The 12-item World Health Organization Disability Assessment Schedule II (WHO-DAS II): a nonparametric item response analysis.

BACKGROUND: Previous studies have analyzed the psychometric properties of the World Health Organization Disability Assessment Schedule II (WHO-DAS II) using classical omnibus measures of scale quality. These analyses are sample dependent and do not model item responses as a function of the underlying trait level. The main objective of this study was to examine the effectiveness of the WHO-DAS II items and their options in discriminating between changes in the underlying disability level by means of item response analyses. We also explored differential item functioning (DIF) in men and women. METHODS: The participants were 3615 adult general practice patients from 17 regions of Spain, with a first diagnosed major depressive episode. The 12-item WHO-DAS II was administered by the general practitioners during the consultation. We used a non-parametric item response method (Kernel-Smoothing) implemented with the TestGraf software to examine the effectiveness of each item (item characteristic curves) and their options (option characteristic curves) in discriminating between changes in the underliying disability level. We examined composite DIF to know whether women had a higher probability than men of endorsing each item. RESULTS: Item response analyses indicated that the twelve items forming the WHO-DAS II perform very well. All items were determined to provide good discrimination across varying standardized levels of the trait. The items also had option characteristic curves that showed good discrimination, given that each increasing option became more likely than the previous as a function of increasing trait level. No gender-related DIF was found on any of the items. CONCLUSIONS: All WHO-DAS II items were very good at assessing overall disability. Our results supported the appropriateness of the weights assigned to response option categories and showed an absence of gender differences in item functioning.
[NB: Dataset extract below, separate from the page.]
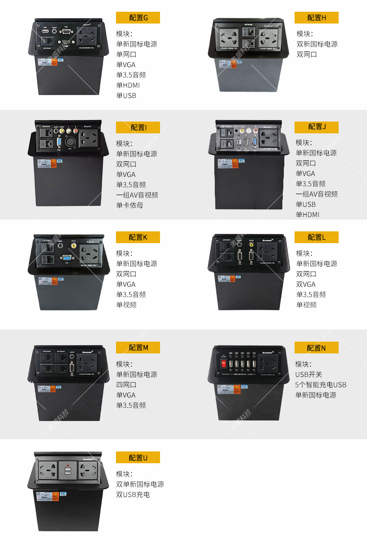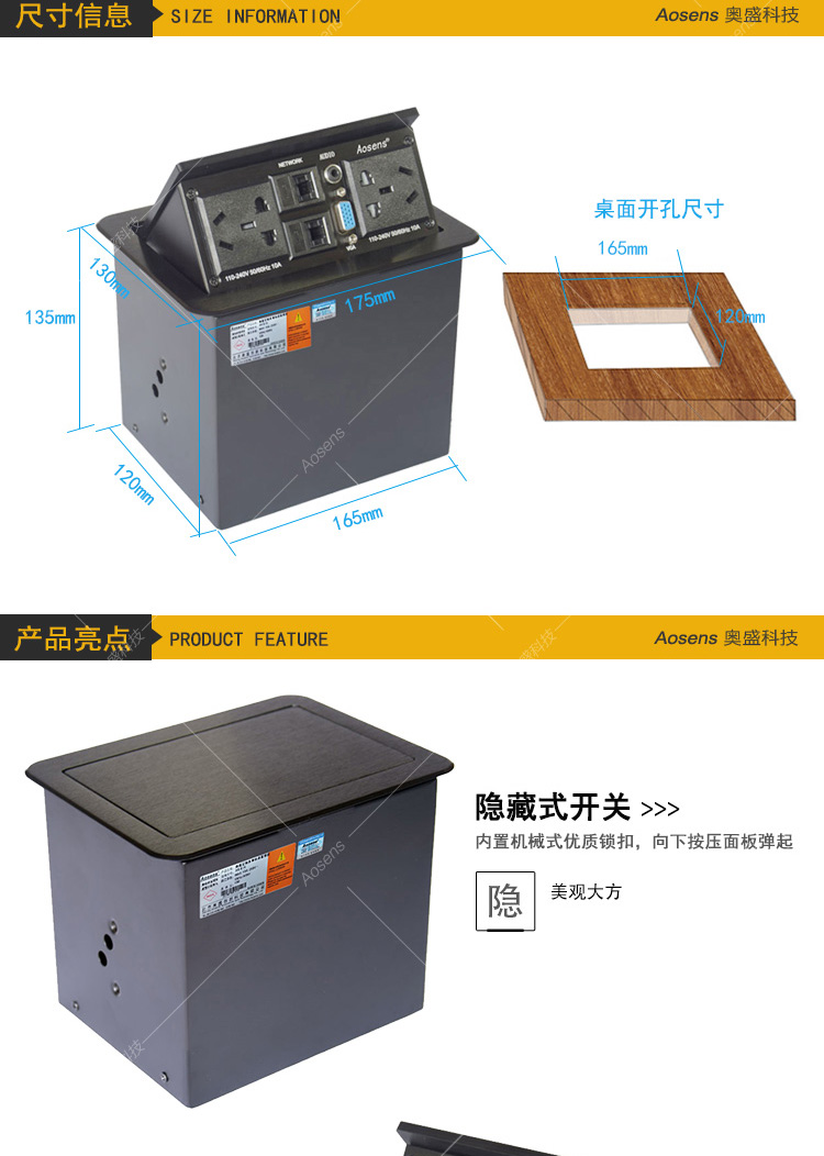 Aosens奧盛 彈起桌插信息盒會議桌插座 音視頻 VGA 卡儂

Utility of the twelve-item World Health Organization Disability Assessment Schedule II (WHO-DAS II) for discriminating depression "caseness" and severity in Spanish primary care patients.

PURPOSE: The 12-item WHO-DAS II was developed to assess the activity limitations and participation restrictions experienced by individuals irrespective of medical diagnosis. In this paper we examine the known-groups' validity of the instrument by evaluating its ability to discriminate between patients with/without major depression, patients with depression with/without medical comorbidity, and patients with depression with different depression severity. METHOD: The participants were 3,615 PC patients from 17 regions of Spain, with a first-time diagnosis of major depressive episode according to the general practitioner. The 12-item WHO-DAS II, the PHQ-9, and a chronic medical conditions checklist were administered during the consultation. RESULTS: The statistical analyses indicated that the 12-item WHO-DAS II was able to discriminate between patients with/without depression and between those with different depression severity. The ROC analysis revealed that with a cutoff score >or=50, the instrument correctly classified 70.4% of the sample (area under the ROC curve = .76; sensitivity = 71.4%; specificity = 67.6%). CONCLUSIONS: Overall, our results support the discriminant validity of the 12-item WHO-DAS II for major depression, being quite recommendable its use in epidemiological research.